* What to work on *
Set down every record below exactly as written.

* Extracted information *
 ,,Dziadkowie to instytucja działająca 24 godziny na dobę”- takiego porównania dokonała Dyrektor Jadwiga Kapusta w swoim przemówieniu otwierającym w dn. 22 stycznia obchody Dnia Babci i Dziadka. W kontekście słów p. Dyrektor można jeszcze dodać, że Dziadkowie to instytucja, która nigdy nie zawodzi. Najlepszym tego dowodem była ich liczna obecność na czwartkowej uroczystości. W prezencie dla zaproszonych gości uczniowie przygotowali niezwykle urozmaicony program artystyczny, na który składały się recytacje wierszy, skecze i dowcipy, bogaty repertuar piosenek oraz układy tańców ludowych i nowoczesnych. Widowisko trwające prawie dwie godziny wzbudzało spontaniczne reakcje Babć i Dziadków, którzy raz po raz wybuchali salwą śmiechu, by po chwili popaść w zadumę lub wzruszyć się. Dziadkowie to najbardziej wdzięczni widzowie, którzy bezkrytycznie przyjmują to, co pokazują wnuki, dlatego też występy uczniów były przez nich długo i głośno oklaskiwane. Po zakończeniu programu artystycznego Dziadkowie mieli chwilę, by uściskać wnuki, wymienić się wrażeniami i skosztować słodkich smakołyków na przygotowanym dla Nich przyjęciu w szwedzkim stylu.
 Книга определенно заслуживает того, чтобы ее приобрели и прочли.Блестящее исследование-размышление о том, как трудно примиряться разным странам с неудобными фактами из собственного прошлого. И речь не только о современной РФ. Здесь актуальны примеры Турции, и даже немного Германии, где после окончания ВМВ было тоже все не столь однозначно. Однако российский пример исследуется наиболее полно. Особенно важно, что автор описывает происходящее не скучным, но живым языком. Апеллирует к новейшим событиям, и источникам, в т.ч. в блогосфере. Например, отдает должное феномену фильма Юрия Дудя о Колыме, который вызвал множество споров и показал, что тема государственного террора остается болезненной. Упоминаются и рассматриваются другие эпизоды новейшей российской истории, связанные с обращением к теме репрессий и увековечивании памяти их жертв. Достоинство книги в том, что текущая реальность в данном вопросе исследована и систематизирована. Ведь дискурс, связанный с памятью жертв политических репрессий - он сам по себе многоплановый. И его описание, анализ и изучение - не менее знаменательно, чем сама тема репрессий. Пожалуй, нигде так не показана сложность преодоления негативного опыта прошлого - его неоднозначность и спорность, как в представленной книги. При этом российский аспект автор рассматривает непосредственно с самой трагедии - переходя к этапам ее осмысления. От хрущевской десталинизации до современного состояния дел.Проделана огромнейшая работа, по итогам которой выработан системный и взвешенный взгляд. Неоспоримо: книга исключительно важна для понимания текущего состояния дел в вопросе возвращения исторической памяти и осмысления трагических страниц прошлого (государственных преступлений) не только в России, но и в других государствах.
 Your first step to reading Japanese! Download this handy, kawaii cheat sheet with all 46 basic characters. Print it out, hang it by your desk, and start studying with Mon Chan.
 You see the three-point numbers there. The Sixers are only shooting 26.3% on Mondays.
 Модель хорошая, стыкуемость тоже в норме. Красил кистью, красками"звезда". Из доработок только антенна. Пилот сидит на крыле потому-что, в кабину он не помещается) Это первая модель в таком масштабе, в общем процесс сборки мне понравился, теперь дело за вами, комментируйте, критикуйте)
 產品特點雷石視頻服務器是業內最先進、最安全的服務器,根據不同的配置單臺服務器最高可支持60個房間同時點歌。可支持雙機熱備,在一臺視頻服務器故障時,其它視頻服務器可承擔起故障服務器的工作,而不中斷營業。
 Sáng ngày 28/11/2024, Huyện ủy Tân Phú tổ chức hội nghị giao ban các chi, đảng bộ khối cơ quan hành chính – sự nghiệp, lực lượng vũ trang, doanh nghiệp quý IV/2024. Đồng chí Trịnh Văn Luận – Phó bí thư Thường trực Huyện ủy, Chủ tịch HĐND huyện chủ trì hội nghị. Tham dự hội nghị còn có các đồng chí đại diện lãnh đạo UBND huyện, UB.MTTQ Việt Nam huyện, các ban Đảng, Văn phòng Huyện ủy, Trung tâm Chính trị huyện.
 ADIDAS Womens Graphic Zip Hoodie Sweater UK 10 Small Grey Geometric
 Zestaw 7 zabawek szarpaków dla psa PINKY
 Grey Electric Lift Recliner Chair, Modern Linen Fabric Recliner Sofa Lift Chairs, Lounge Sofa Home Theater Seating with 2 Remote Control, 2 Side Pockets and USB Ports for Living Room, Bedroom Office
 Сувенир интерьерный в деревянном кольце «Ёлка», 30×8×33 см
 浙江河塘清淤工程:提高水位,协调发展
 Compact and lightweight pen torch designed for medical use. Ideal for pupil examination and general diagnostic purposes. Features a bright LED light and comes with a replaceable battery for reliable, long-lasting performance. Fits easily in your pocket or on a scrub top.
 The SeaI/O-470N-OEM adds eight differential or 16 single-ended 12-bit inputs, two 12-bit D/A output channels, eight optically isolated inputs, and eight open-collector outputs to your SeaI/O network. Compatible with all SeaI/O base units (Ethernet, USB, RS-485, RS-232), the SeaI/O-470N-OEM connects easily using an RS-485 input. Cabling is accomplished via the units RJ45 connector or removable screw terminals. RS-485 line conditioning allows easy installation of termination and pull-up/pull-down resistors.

* Answer box *
 ,,Dziadkowie to instytucja działająca 24 godziny na dobę”- takiego porównania dokonała Dyrektor Jadwiga Kapusta w swoim przemówieniu otwierającym w dn. 22 stycznia obchody Dnia Babci i Dziadka. W kontekście słów p. Dyrektor można jeszcze dodać, że Dziadkowie to instytucja, która nigdy nie zawodzi. Najlepszym tego dowodem była ich liczna obecność na czwartkowej uroczystości. W prezencie dla zaproszonych gości uczniowie przygotowali niezwykle urozmaicony program artystyczny, na który składały się recytacje wierszy, skecze i dowcipy, bogaty repertuar piosenek oraz układy tańców ludowych i nowoczesnych. Widowisko trwające prawie dwie godziny wzbudzało spontaniczne reakcje Babć i Dziadków, którzy raz po raz wybuchali salwą śmiechu, by po chwili popaść w zadumę lub wzruszyć się. Dziadkowie to najbardziej wdzięczni widzowie, którzy bezkrytycznie przyjmują to, co pokazują wnuki, dlatego też występy uczniów były przez nich długo i głośno oklaskiwane. Po zakończeniu programu artystycznego Dziadkowie mieli chwilę, by uściskać wnuki, wymienić się wrażeniami i skosztować słodkich smakołyków na przygotowanym dla Nich przyjęciu w szwedzkim stylu.
 Книга определенно заслуживает того, чтобы ее приобрели и прочли.Блестящее исследование-размышление о том, как трудно примиряться разным странам с неудобными фактами из собственного прошлого. И речь не только о современной РФ. Здесь актуальны примеры Турции, и даже немного Германии, где после окончания ВМВ было тоже все не столь однозначно. Однако российский пример исследуется наиболее полно. Особенно важно, что автор описывает происходящее не скучным, но живым языком. Апеллирует к новейшим событиям, и источникам, в т.ч. в блогосфере. Например, отдает должное феномену фильма Юрия Дудя о Колыме, который вызвал множество споров и показал, что тема государственного террора остается болезненной. Упоминаются и рассматриваются другие эпизоды новейшей российской истории, связанные с обращением к теме репрессий и увековечивании памяти их жертв. Достоинство книги в том, что текущая реальность в данном вопросе исследована и систематизирована. Ведь дискурс, связанный с памятью жертв политических репрессий - он сам по себе многоплановый. И его описание, анализ и изучение - не менее знаменательно, чем сама тема репрессий. Пожалуй, нигде так не показана сложность преодоления негативного опыта прошлого - его неоднозначность и спорность, как в представленной книги. При этом российский аспект автор рассматривает непосредственно с самой трагедии - переходя к этапам ее осмысления. От хрущевской десталинизации до современного состояния дел.Проделана огромнейшая работа, по итогам которой выработан системный и взвешенный взгляд. Неоспоримо: книга исключительно важна для понимания текущего состояния дел в вопросе возвращения исторической памяти и осмысления трагических страниц прошлого (государственных преступлений) не только в России, но и в других государствах.
 Your first step to reading Japanese! Download this handy, kawaii cheat sheet with all 46 basic characters. Print it out, hang it by your desk, and start studying with Mon Chan.
 You see the three-point numbers there. The Sixers are only shooting 26.3% on Mondays.
 Модель хорошая, стыкуемость тоже в норме. Красил кистью, красками"звезда". Из доработок только антенна. Пилот сидит на крыле потому-что, в кабину он не помещается) Это первая модель в таком масштабе, в общем процесс сборки мне понравился, теперь дело за вами, комментируйте, критикуйте)
 產品特點雷石視頻服務器是業內最先進、最安全的服務器,根據不同的配置單臺服務器最高可支持60個房間同時點歌。可支持雙機熱備,在一臺視頻服務器故障時,其它視頻服務器可承擔起故障服務器的工作,而不中斷營業。
 Sáng ngày 28/11/2024, Huyện ủy Tân Phú tổ chức hội nghị giao ban các chi, đảng bộ khối cơ quan hành chính – sự nghiệp, lực lượng vũ trang, doanh nghiệp quý IV/2024. Đồng chí Trịnh Văn Luận – Phó bí thư Thường trực Huyện ủy, Chủ tịch HĐND huyện chủ trì hội nghị. Tham dự hội nghị còn có các đồng chí đại diện lãnh đạo UBND huyện, UB.MTTQ Việt Nam huyện, các ban Đảng, Văn phòng Huyện ủy, Trung tâm Chính trị huyện.
 ADIDAS Womens Graphic Zip Hoodie Sweater UK 10 Small Grey Geometric
 Zestaw 7 zabawek szarpaków dla psa PINKY
 Grey Electric Lift Recliner Chair, Modern Linen Fabric Recliner Sofa Lift Chairs, Lounge Sofa Home Theater Seating with 2 Remote Control, 2 Side Pockets and USB Ports for Living Room, Bedroom Office
 Сувенир интерьерный в деревянном кольце «Ёлка», 30×8×33 см
 浙江河塘清淤工程:提高水位,协调发展
 Compact and lightweight pen torch designed for medical use. Ideal for pupil examination and general diagnostic purposes. Features a bright LED light and comes with a replaceable battery for reliable, long-lasting performance. Fits easily in your pocket or on a scrub top.
 The SeaI/O-470N-OEM adds eight differential or 16 single-ended 12-bit inputs, two 12-bit D/A output channels, eight optically isolated inputs, and eight open-collector outputs to your SeaI/O network. Compatible with all SeaI/O base units (Ethernet, USB, RS-485, RS-232), the SeaI/O-470N-OEM connects easily using an RS-485 input. Cabling is accomplished via the units RJ45 connector or removable screw terminals. RS-485 line conditioning allows easy installation of termination and pull-up/pull-down resistors.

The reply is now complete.